Духовник согласно кивнул головой.
- Еще есть недоумение, батюшка.
- Слушаю, слушаю, отец Симон.
- Мне братья на Псху, а теперь и сестры задают вопросы о молитве и духовной практике. Не знаю, говорить полезное из отцов и из опыта или же лучше молчать, сознавая свое недостоинство поучать людей? Если не говорю, то благодать в сердце становится обильней, но тогда оставляю ближних, страдающих рядом. Если же говорю, она ослабевает, и я вижу, что сам немощен и слаб и даже хуже собратий своих...
- Для того чтобы говорить полезное для спасения самого себя и ближних, имея некоторый молитвенный опыт, необходимо еще иметь духовное мужество не потворствовать немощам ни своим, ни немощам ближних. Только если чувствуешь, что имеешь его, говори. А когда сознаешь, что слаб, то молчи. «Следует сначала научиться, а потом учить, стать светом - и освещать, прикасаться к Богу - и приводить к Нему», по слову святителя Григория Назианзина.

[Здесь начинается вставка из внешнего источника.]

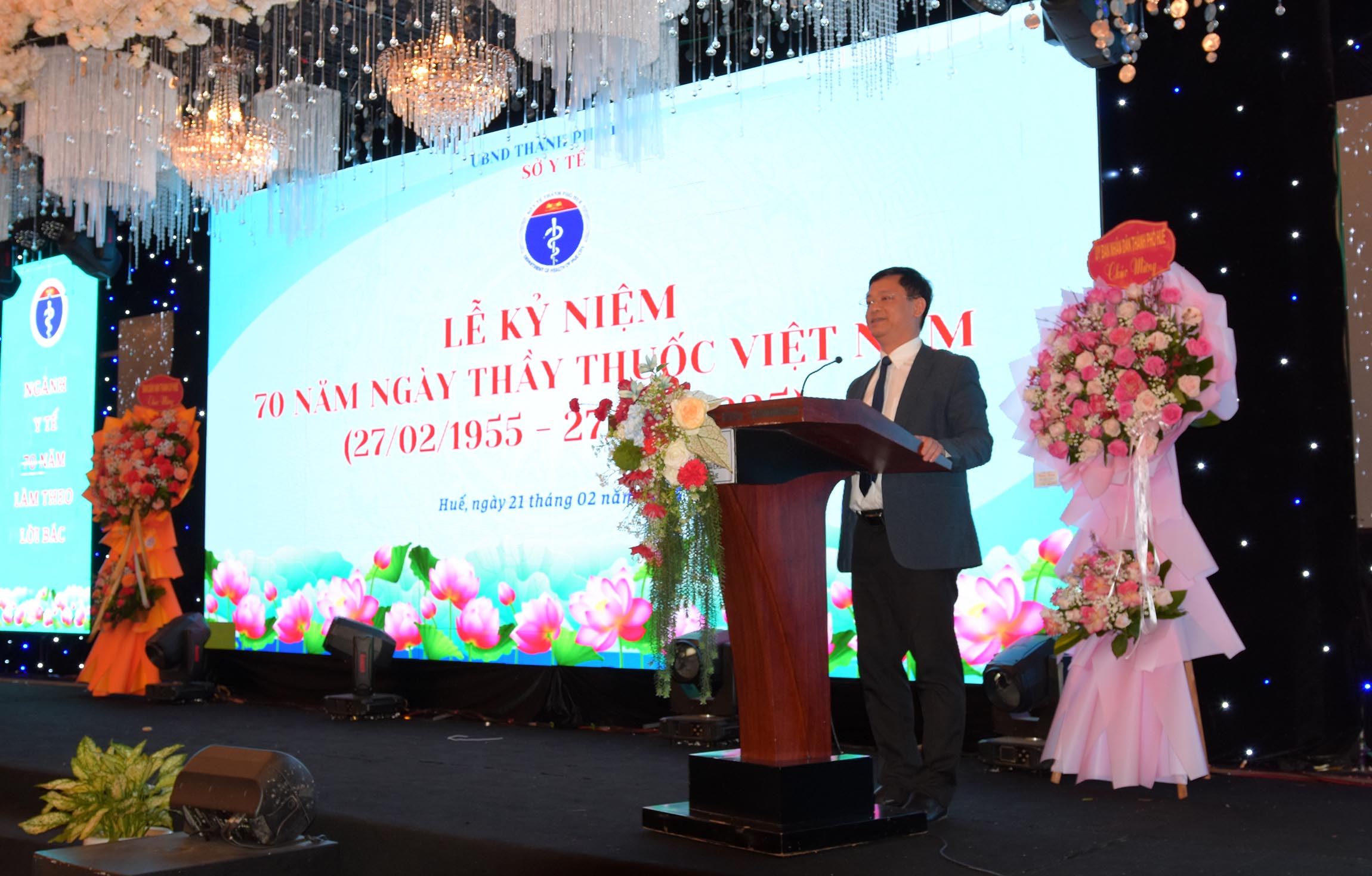 Phát biểu tại lễ kỷ niệm, Phó Chủ tịch Thường trực UBND thành phố biểu dương những thành quả mà ngành Y tế thành phố đã đạt được trong thời gian qua. Mỗi bước phát triển của ngành Y tế là thành quả của sự sáng tạo, lòng nhân ái và trách nhiệm của đội ngũ y bác sĩ, nhân viên y tế. Trong suốt chặng đường dài ấy, không thiếu những khoảnh khắc xúc động khi thấy những đôi bàn tay kiên cường luôn sẵn sàng cứu chữa, không quản ngại khó khăn, nguy hiểm, đặc biệt trong những tình huống khẩn cấp hay đại dịch. Nhân kỷ niệm ngày Thầy thuốc Việt Nam, Phó Chủ tịch UBND thành phố Huế đã gửi lời tri ân, lời chúc mừng tốt đẹp nhất đến đội ngũ các y bác sĩ và nhân viên toàn ngành y tế.

- Ясно, отче. В этом году я начал записывать все, что удалось узнать о действиях Иисусовой молитвы. Когда я пишу, лучше запоминаю. Не знаю, стоит ли вести такие записи, батюшка, или в них нет никакой необходимости?

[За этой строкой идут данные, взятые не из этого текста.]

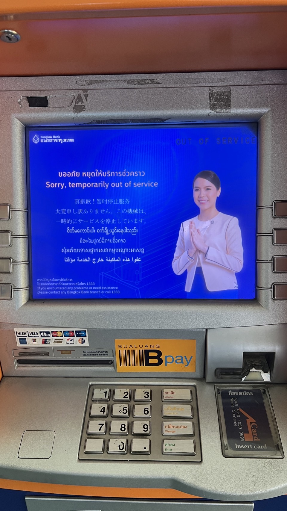 ตู้กดเงินของธนาคารกรุงเทพ ไม่สามารถใช้บริการได้โดยไม่ทราบสาเหตุ

- Пиши, пиши, когда-нибудь все пригодится, да... - Отец Кирилл снял очки и внимательно посмотрел на меня. - Только всегда себя укоряй... И все сверяй с Евангелием. Заповеди Святого Евангелия являются опорой для просвещения сердца и его разумения. О чем оно говорит? О свободе человеческого духа от греха и смерти, духа, преображенного благодатью, - это высшее призвание человека, когда он становится свободен во Святом Духе от рабства страстей и помыслов: «Так всякий из вас, кто не отрешится от всего, что имеет, не может быть Моим учеником»! Эта свобода приходит к кроткой и смиренной душе, которая не кичится полученным Божественным даром, когда человек прекращает занимать себя построениями своего эгоистического ума и освобождается от густой сети дьявольских помышлений. Такой человек радуется, именно радуется, истинной радостью. Чему же он радуется? Спасению других - и без всякой корысти обращает все силы на помощь ближним словом и делом, а больше всего - молитвой...

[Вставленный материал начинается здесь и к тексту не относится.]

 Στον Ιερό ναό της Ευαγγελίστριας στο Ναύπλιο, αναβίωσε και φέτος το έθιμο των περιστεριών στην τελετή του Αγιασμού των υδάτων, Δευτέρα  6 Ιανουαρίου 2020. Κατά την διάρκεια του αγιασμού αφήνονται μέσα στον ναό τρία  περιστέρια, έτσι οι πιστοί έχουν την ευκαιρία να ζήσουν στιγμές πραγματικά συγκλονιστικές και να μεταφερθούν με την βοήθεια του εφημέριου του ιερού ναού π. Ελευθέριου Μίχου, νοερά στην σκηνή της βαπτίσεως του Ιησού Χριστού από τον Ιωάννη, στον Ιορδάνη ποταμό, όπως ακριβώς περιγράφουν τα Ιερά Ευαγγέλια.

- Батюшка, время от времени ум как будто заволакивает какая- то пелена робости и страха перед обстоятельствами, а также неприязни к отдельным людям. Тогда страшно вернуться обратно в безмолитвенное состояние, словно Бог отходит от души, и нет сил преодолеть эти греховные ощущения...
- Когда мы рассмотрим и глубоко осознаем свое чувство страха, робости или неприязни, то увидим, что обретенная нами в молитве благодать, какой бы малой она ни была, тем не менее - это Божественная сила, которая неподвластна унизительным греховным страстям. Рассей на этот счет все сомнения! - Отец Кирилл немного помолчал, прислушиваясь к шагам в коридоре. - Чистый свет благодати не омрачен никакими заблуждениями, он и есть полное просвещение человеческого духа. Чтобы стяжать такое вселение Святого Духа, никогда не увлекайся монастырской суетой, не говоря уже о мирских попечениях, и не ищи в отшельничестве ничего человеческого и земного. Тогда Бог приложит все необходимое, что является мудростью просвещенного сердца. Святой Дух - это исконная наша обитель в просвещенном сердце, исполненная света и совершенной радости... - Говоря эти слова, старец непроизвольно положил припухшую бледную руку на свою грудь. - Только нужно помнить, что, как бы сильны ни были посещения благодати, свободное произволение человека всегда остается с ним, ибо наш Бог есть Бог человеколюбивый... Если ты постигнешь на деле, а не на словах, что единственная истина - это Христос, живущий в нашем сердце, ты постигнешь и то, что такое просвещение сердца, потому что заповедь Его есть жизнь вечная (Ин. 12: 50)...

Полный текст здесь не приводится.